The whole listing below needs to be duplicated exactly, pictures aside.

[Opening SUPPLIED INFORMATION section]

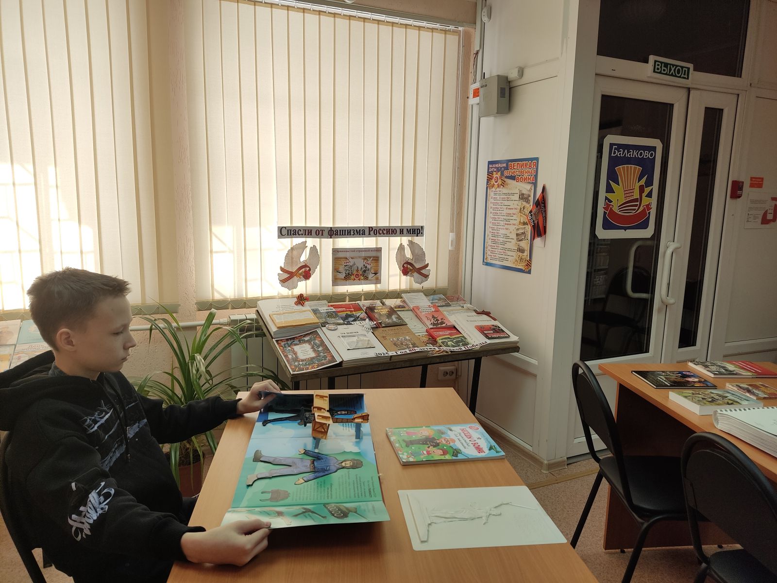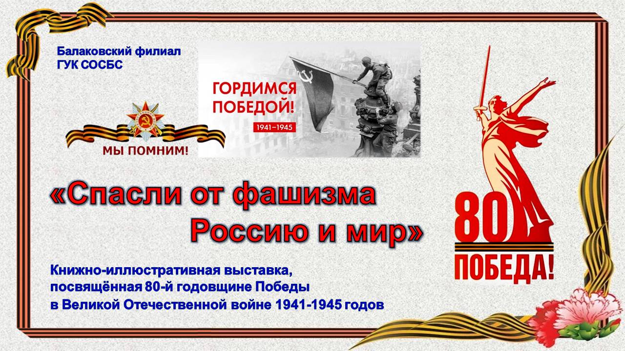 В Балаковском филиале Областной специальной библиотеки для слепых работает книжно-иллюстративная выставка, посвящённая 80-й годовщине Победы в Великой Отечественной войне 1941-1945 годов. Выставка «Спасли от фашизма Россию и мир» представляет художественную и научно-популярную литературу разных форматов и на разных носителях по сохранению исторической памяти о героизме защитников Отечества в Великой Отечественной войне, сокрушивших нацизм, по увековечиванию боевого и трудового подвига советского народа, отстоявшего свободу своей страны и многих стран мира в тяжёлые годы Второй мировой войны; содержит иллюстрации, аудиозаписи и видеоматериалы, посвящённые мужеству и самоотверженности русского народа, освободившего мир от фашизма.
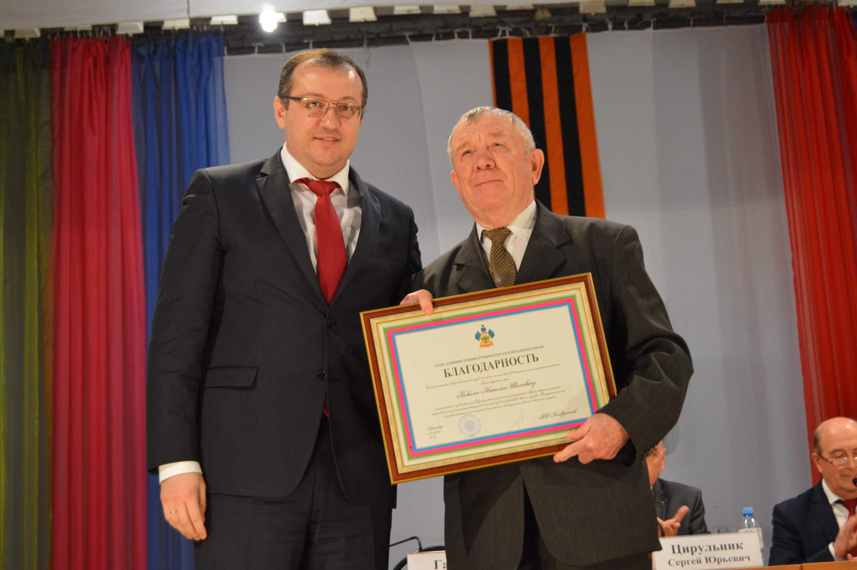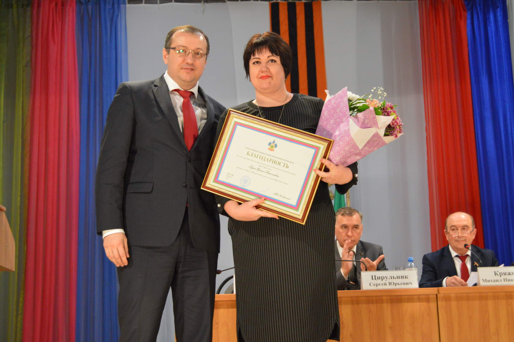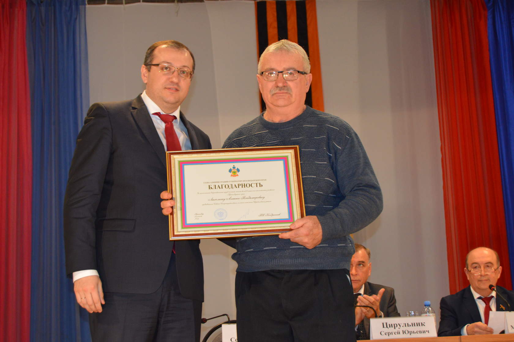 В конце заседания министр труда и социального развития Краснодарского края торжественно вручил благодарности главы администрации (губернатора) Краснодарского края. За многолетний добросовестный труд и большой личный вклад в развитие местного самоуправления в Краснодарском крае благодарностью губернатора были награждены заместитель председателя Щербиновского районного совета ветеранов Николай Коваль, председатель Совета Новощербиновского сельского поселения Ирина Кукса, председатель Совета Старощербиновского сельского поселения Алексей Лихолит.
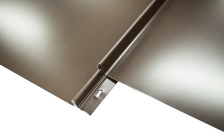 В нашем каталоге вы можете выбрать кликфальц гладкий или Line. Line от гладкого отличается наличием волнистых линий, которые носят эстетический характер и не влияют на прочностные показатели материала. На фото в карточке товара изображены оба вида кликфальца.
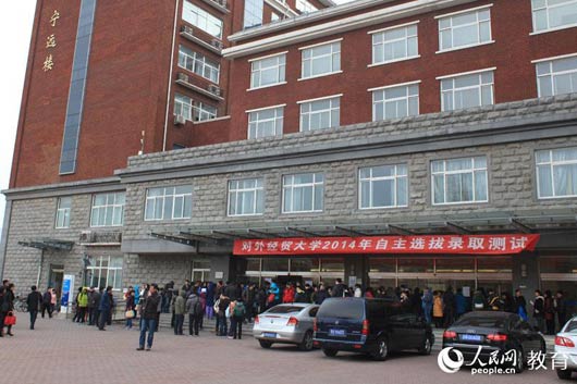 人民網北京3月1日電 (記者 郝孟佳 實習生 李京陽)今天上午八點半,對外經貿大學2014年自主招生考試正式開始?荚嚵鞒虨椋荷衔绻P試數學和英語(含聽力),下午綜合能力面試,所占分值分別為250分和100分。據了解,由上海交大、同濟、清華、北大等26所高校分別組成的三大自主招生聯盟“北約”、“華約”和“卓越”于今天上午同時舉行筆試。

[Closing SUPPLIED INFORMATION section]

REPLY:
 В Балаковском филиале Областной специальной библиотеки для слепых работает книжно-иллюстративная выставка, посвящённая 80-й годовщине Победы в Великой Отечественной войне 1941-1945 годов. Выставка «Спасли от фашизма Россию и мир» представляет художественную и научно-популярную литературу разных форматов и на разных носителях по сохранению исторической памяти о героизме защитников Отечества в Великой Отечественной войне, сокрушивших нацизм, по увековечиванию боевого и трудового подвига советского народа, отстоявшего свободу своей страны и многих стран мира в тяжёлые годы Второй мировой войны; содержит иллюстрации, аудиозаписи и видеоматериалы, посвящённые мужеству и самоотверженности русского народа, освободившего мир от фашизма.
 В конце заседания министр труда и социального развития Краснодарского края торжественно вручил благодарности главы администрации (губернатора) Краснодарского края. За многолетний добросовестный труд и большой личный вклад в развитие местного самоуправления в Краснодарском крае благодарностью губернатора были награждены заместитель председателя Щербиновского районного совета ветеранов Николай Коваль, председатель Совета Новощербиновского сельского поселения Ирина Кукса, председатель Совета Старощербиновского сельского поселения Алексей Лихолит.
 В нашем каталоге вы можете выбрать кликфальц гладкий или Line. Line от гладкого отличается наличием волнистых линий, которые носят эстетический характер и не влияют на прочностные показатели материала. На фото в карточке товара изображены оба вида кликфальца.
 人民網北京3月1日電 (記者 郝孟佳 實習生 李京陽)今天上午八點半,對外經貿大學2014年自主招生考試正式開始?荚嚵鞒虨椋荷衔绻P試數學和英語(含聽力),下午綜合能力面試,所占分值分別為250分和100分。據了解,由上海交大、同濟、清華、北大等26所高校分別組成的三大自主招生聯盟“北約”、“華約”和“卓越”于今天上午同時舉行筆試。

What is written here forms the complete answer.